** Exercise goal **
Would you return the listing that follows exactly, leaving its pictures behind?

** Supplied material **
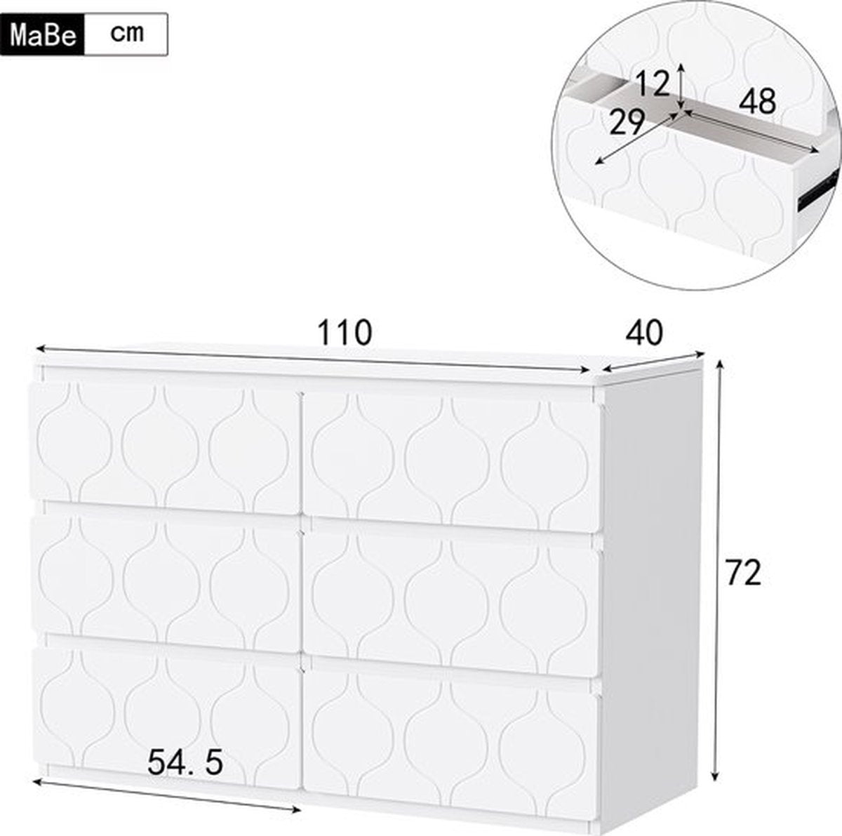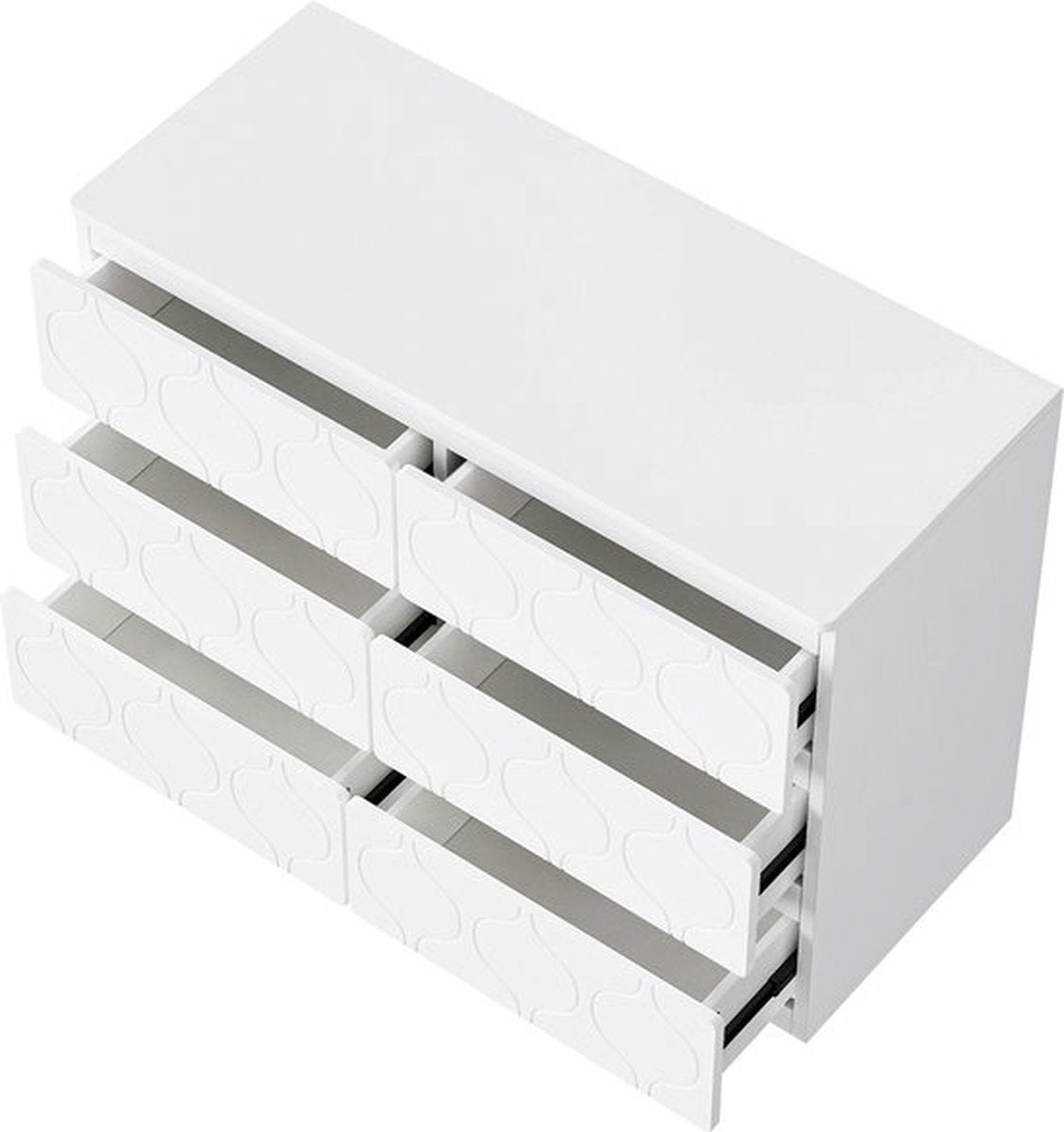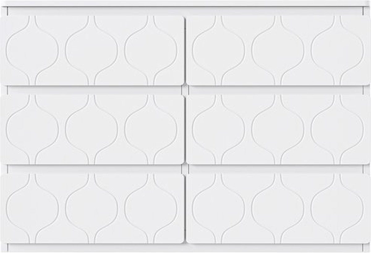 Kommode met 6-laden, hal kast, voor woonkamer, badkamer en slaapkamer, golfpatroon, gelakt, slagvast hoekontwerp, 6-compartimenten, 110 B x 40 T x 72 H, wit
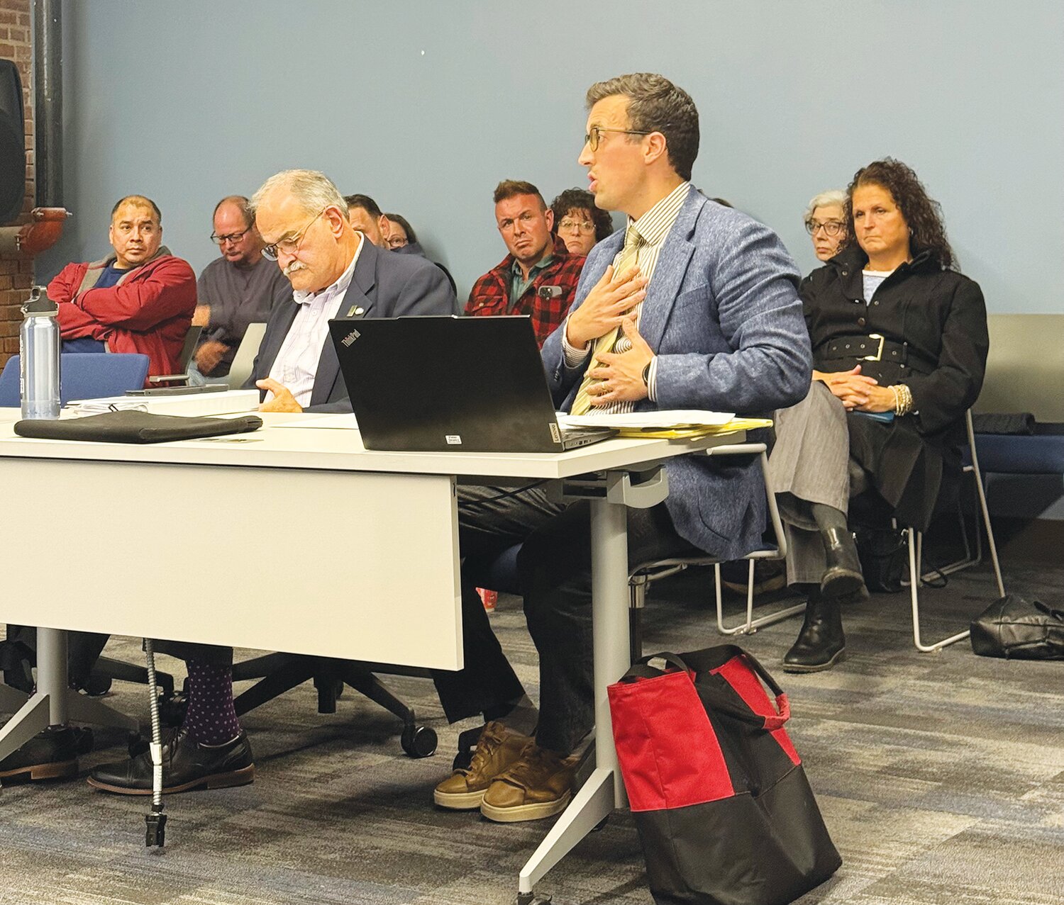 The board continued to hear witness testimony from the appellants, a planning director from another municipality, a neighbor, a real estate broker with experience in Pawtuxet Village and DeCorte himself. 175 Post Rd. property owners Lee Beausoleil and Artak Avagyan did not speak, but their attorney, Hagop Jawharjian, participated in the questioning of witnesses.
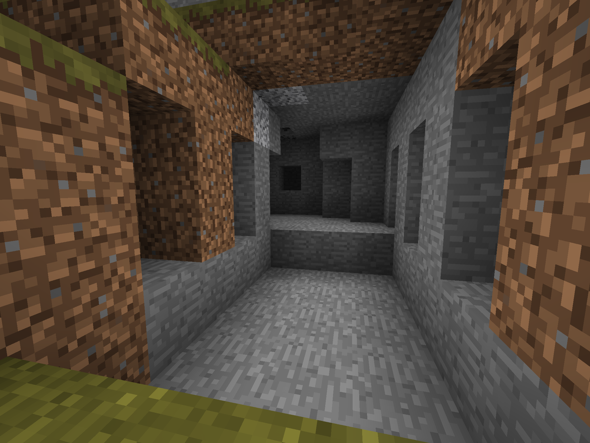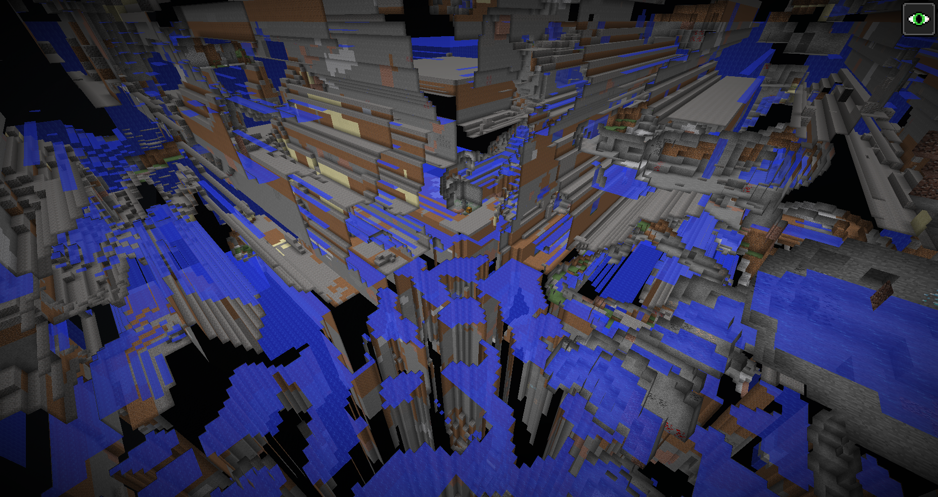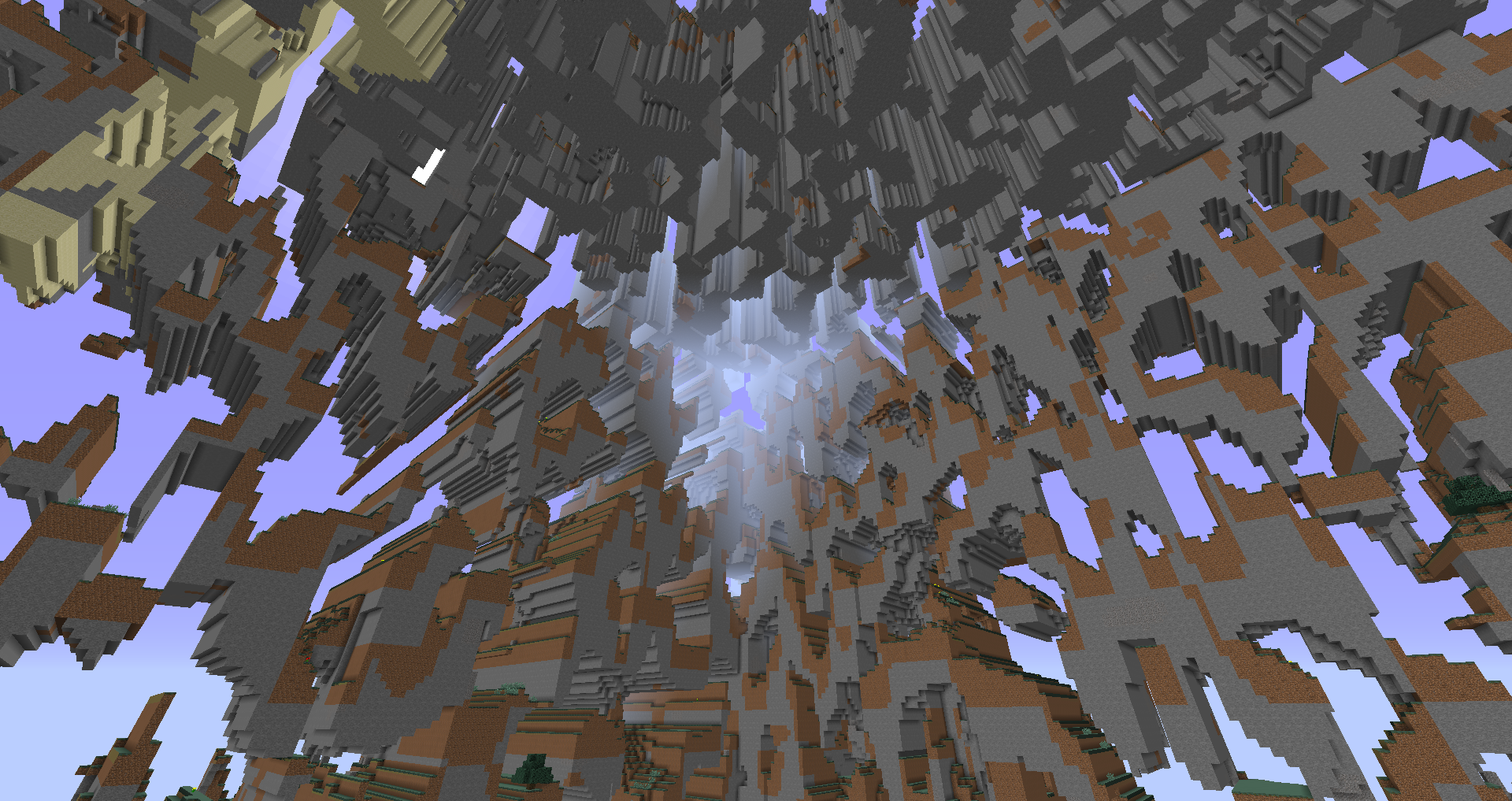 - 最頂層:這一層在世界的最高處。有時候這一層可以矮一些,但陽光可以直射到,且也不會被水掩蓋。因此這一層地形的下陷處會出現樹木和被動型生物。由於地形的較高處幾乎就達到了世界的高度限制,因此很少會出現樹木和動物。

** Result of the task **
 Kommode met 6-laden, hal kast, voor woonkamer, badkamer en slaapkamer, golfpatroon, gelakt, slagvast hoekontwerp, 6-compartimenten, 110 B x 40 T x 72 H, wit
 The board continued to hear witness testimony from the appellants, a planning director from another municipality, a neighbor, a real estate broker with experience in Pawtuxet Village and DeCorte himself. 175 Post Rd. property owners Lee Beausoleil and Artak Avagyan did not speak, but their attorney, Hagop Jawharjian, participated in the questioning of witnesses.
 - 最頂層:這一層在世界的最高處。有時候這一層可以矮一些,但陽光可以直射到,且也不會被水掩蓋。因此這一層地形的下陷處會出現樹木和被動型生物。由於地形的較高處幾乎就達到了世界的高度限制,因此很少會出現樹木和動物。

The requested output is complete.